• [Exercise prompt]:
Exactly the lines from the beginning of the records to the line with "Börja med att", both ends included, are to be given again, and pictures are to be left out.

[Source records]
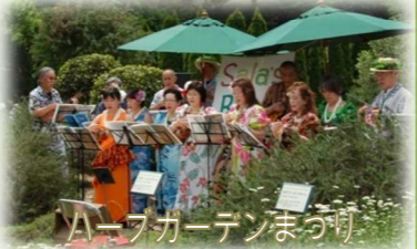
ハーブガーデンまつり
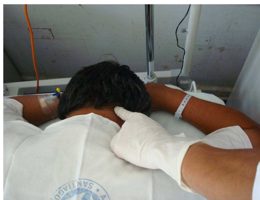
Figura 2: Ubicación zona gatillo occipital.
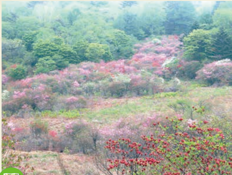
MAP >>> C-3 横根山・井戸湿原

横根高原ハイキングコースにある井戸湿原は「小尾瀬」とも呼ばれ、つつじなどのほか様々な植物を楽しむことができます。
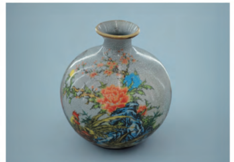
美術工芸品等の保存
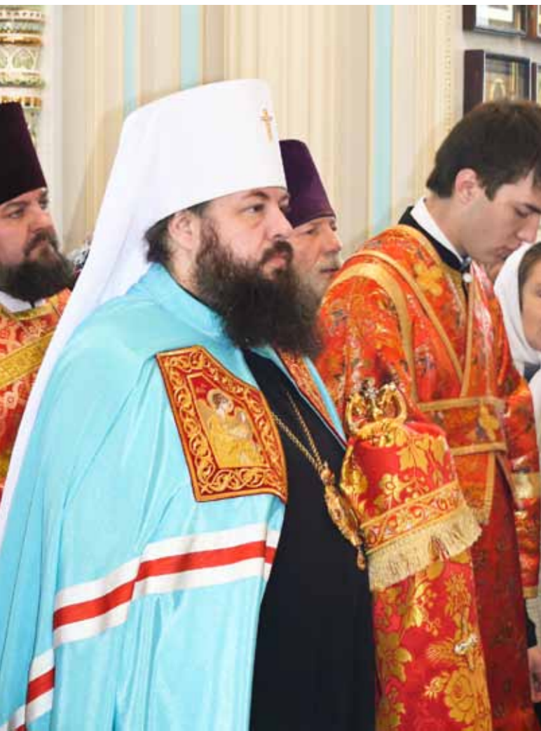
В храме с. Большая Валяевка Пензенского района. 14 апреля 2014 г.
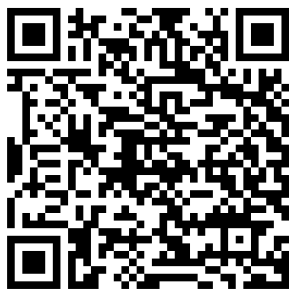
QR-kod Googleplay för Android

Börja med att ladda ned appen "QT kund" från Google play för androida telefoner eller App store för apple. QR-koder till respektive leverantör finns nedan. Vill man hellre använda webbsida går det att göra via 3089.qtkund.se eller QR-koden nedan.
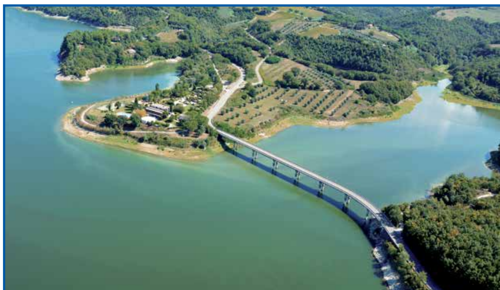
■ S.S.448 "di Baschi"
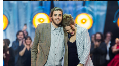
11 PORTUGAL SALVADOR SOBRAL "AMAR PELOS DOIS"
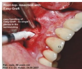
Root-top resection with Easy-Graft

Vullen van holtes (zysten, aveolen, wortelpuntresektieholtes, sinusbodemlevatie) Opbouw van verloren gegaan bot (augmentatie). Botmateriaal easy-graft™ is deegachtig/pasteus, blijft liggen en laat zich perfect modelleren tot het uithardt. Bij kleine defecten is geen membraan nodig.
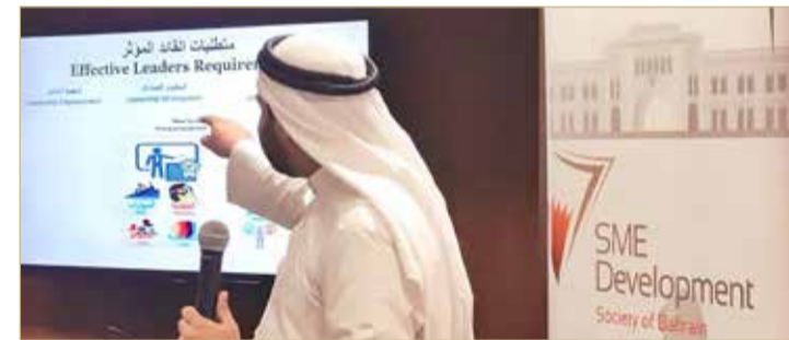
ورشة عمل ريادة الأعمال المنطوقة

الاستراتيجي لرائد الأعمال، ورائد الأعمال كقائد ومؤثر، وحوكمة إدارة الأعمال. وناقش العبدولهاب متطلبات القائد المؤثر والذي يحتاج لعملية اختبار قيادي ضمن مقياس القيادة المتكاملة في التحفيز والتخطيط والتنظيم والتحكم، وكما يتم التطوير القيادي من خلال تدريبات وأنشطة في التنمية العقلية والشخصية ودفع المهارات للتعامل مع مختلف الأنماط
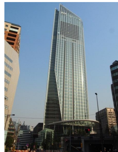
Ⅲ街区(虎ノ門ヒルズ)

また、5月30日(金)には、権利者の皆様への鍵のお引渡しを、虎ノ門ヒルズ森タワー37階虎ノ門ヒルズレジデンス集会室にて行いましたので、当日の様子をご報告いたします。
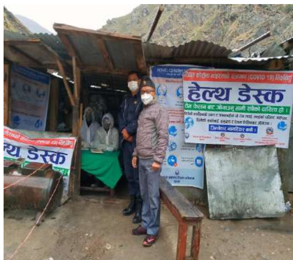
नागम हेल्थ डेस्कको अनुगमन

लकडाउनको आरम्भसँगै COVID-19 को संक्रमणबाट जिल्लालाई सुरक्षित राख्न जिल्ला प्रवेश गर्ने नाकाहरू नागम (जुम्ला - कालिकोट) मणिसाँखु ( जुम्ला - डोल्पा), ताम्ती (जुम्ला - जाजरकोट), गोठिज्यूला (जुम्ला - मुगु) तथा जुम्ला विमानस्थलमा Health Desk को स्थापना गरियो । यसै गरी स्थानीय तहहरूको निर्णय बमोजिम एक स्थानीय तहबाट अर्को स्थानीय तहमा प्रवेश गर्ने नाकामा पनि Health Desk स्थापना गरिएको थियो । त्यस्ता हेल्थ डेस्कहरू जुगाड (हिमा गा.पा.), उमगाड (चन्दननाथ नगरपालिका) तथा उर्थु र डिल्लीचौर (पातारासी गा.पा.) मा रहेका थिए । यी हेल्थडेस्कहरूबाट हालसम्म १२ हजार भन्दा बढी व्यक्तिहरूको स्वास्थ्य परीक्षण गरिएको छ जसमा नागम Health डेस्कको हिस्सा मात्र ९५% भन्दा माथि छ । मिति २०७६/१२/०९ बाट
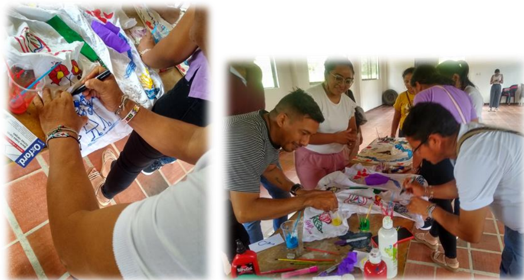
Imagen 13, 14, 15 y 16: Proceso de elaboración de piezas museales, con los docentes en el Colegio de Guatapurí

• [Solution to this task]:
ハーブガーデンまつり
Figura 2: Ubicación zona gatillo occipital.
MAP >>> C-3 横根山・井戸湿原

横根高原ハイキングコースにある井戸湿原は「小尾瀬」とも呼ばれ、つつじなどのほか様々な植物を楽しむことができます。
美術工芸品等の保存
В храме с. Большая Валяевка Пензенского района. 14 апреля 2014 г.
QR-kod Googleplay för Android

Börja med att ladda ned appen "QT kund" från Google play för androida telefoner eller App store för apple. QR-koder till respektive leverantör finns nedan. Vill man hellre använda webbsida går det att göra via 3089.qtkund.se eller QR-koden nedan.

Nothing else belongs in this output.